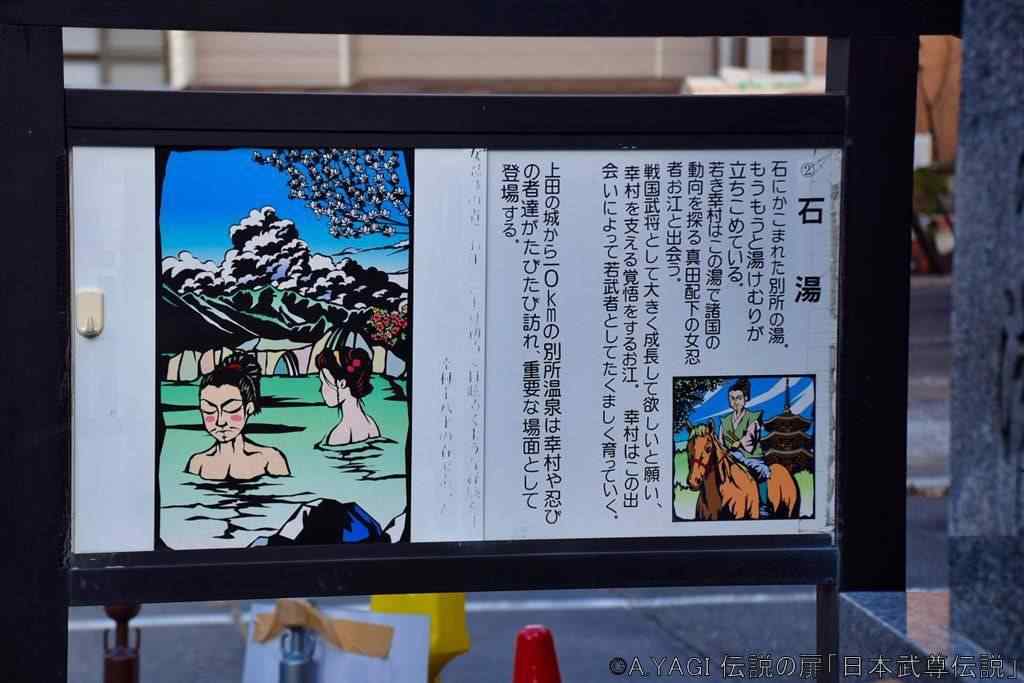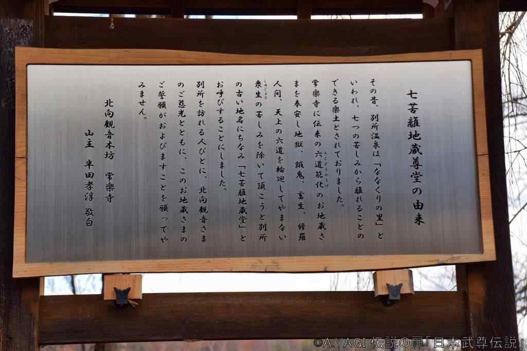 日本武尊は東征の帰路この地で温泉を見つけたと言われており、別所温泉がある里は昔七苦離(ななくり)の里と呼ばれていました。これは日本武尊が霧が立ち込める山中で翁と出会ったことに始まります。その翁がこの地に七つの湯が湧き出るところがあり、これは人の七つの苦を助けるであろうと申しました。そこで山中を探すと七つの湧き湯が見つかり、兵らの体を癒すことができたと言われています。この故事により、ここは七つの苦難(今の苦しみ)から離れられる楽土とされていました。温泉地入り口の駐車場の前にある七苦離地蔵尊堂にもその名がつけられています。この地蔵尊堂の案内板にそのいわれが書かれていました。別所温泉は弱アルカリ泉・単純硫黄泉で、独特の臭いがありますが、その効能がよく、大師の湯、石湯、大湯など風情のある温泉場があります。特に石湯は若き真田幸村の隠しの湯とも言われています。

--

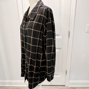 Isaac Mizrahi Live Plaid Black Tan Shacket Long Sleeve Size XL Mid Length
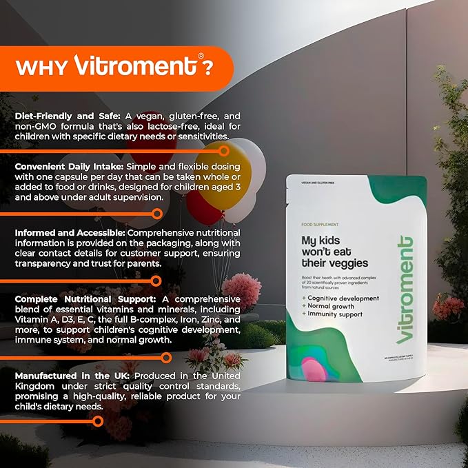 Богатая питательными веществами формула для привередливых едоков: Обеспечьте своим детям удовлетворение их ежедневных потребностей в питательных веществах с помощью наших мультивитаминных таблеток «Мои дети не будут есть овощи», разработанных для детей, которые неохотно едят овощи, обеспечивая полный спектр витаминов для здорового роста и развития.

▸ **About this task**: A word-for-word reproduction is needed of the lines above from the line containing "Isaac Mizrahi Live" through the line containing "Богатая питательными веществами", with both ends kept and no pictures.

▸ **Answer to the exercise**:
 Isaac Mizrahi Live Plaid Black Tan Shacket Long Sleeve Size XL Mid Length
 Богатая питательными веществами формула для привередливых едоков: Обеспечьте своим детям удовлетворение их ежедневных потребностей в питательных веществах с помощью наших мультивитаминных таблеток «Мои дети не будут есть овощи», разработанных для детей, которые неохотно едят овощи, обеспечивая полный спектр витаминов для здорового роста и развития.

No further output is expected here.